Assignment: Copy verbatim the block of lines in the entries below whose first line contains "貴煙(盛世)香煙100元/包" and whose last line contains "- Elegantes gráficos". Leave out all other lines.

[Provided information — start]

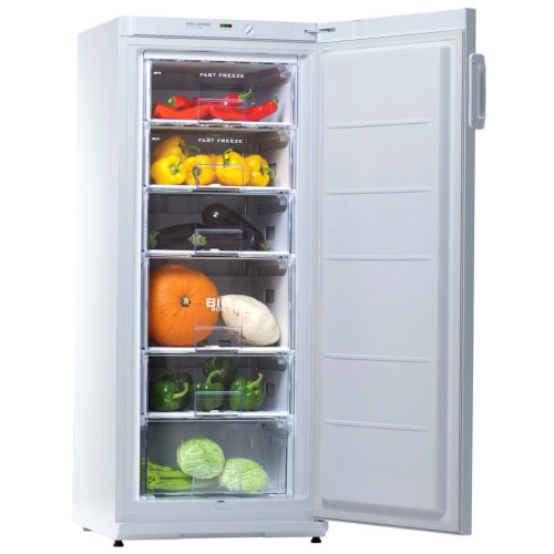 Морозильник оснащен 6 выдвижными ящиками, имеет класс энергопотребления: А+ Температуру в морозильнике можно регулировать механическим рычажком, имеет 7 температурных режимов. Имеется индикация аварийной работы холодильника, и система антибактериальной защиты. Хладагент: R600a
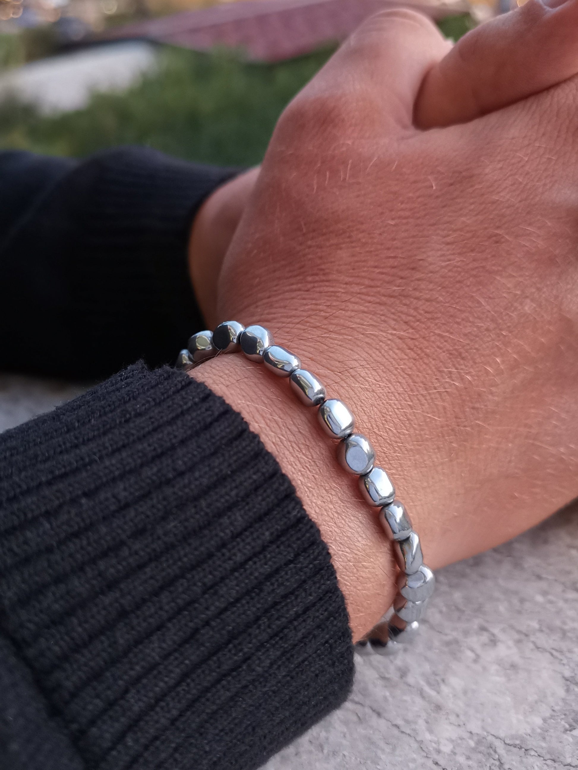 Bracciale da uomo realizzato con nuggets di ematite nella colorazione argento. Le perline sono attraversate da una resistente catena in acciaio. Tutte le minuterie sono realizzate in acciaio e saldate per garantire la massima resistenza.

[Provided information — finish]
[Provided information — start]

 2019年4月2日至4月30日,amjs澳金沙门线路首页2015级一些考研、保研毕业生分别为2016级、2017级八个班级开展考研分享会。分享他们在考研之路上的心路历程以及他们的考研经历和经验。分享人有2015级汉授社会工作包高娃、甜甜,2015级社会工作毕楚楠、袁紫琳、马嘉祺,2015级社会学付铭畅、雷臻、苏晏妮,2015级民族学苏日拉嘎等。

[Provided information — finish]
[Provided information — start]

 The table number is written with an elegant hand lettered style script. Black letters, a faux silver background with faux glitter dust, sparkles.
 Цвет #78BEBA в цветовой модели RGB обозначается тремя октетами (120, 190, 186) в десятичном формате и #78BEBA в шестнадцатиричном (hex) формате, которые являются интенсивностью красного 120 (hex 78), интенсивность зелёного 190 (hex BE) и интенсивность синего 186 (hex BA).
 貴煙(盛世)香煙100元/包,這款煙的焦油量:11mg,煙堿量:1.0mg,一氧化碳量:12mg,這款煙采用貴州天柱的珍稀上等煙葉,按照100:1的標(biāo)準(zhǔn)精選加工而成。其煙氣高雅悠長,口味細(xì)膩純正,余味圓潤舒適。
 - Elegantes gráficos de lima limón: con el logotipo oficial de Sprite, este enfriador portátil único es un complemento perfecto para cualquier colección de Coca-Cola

[Provided information — finish]

Response to the exercise:
 貴煙(盛世)香煙100元/包,這款煙的焦油量:11mg,煙堿量:1.0mg,一氧化碳量:12mg,這款煙采用貴州天柱的珍稀上等煙葉,按照100:1的標(biāo)準(zhǔn)精選加工而成。其煙氣高雅悠長,口味細(xì)膩純正,余味圓潤舒適。
 - Elegantes gráficos de lima limón: con el logotipo oficial de Sprite, este enfriador portátil único es un complemento perfecto para cualquier colección de Coca-Cola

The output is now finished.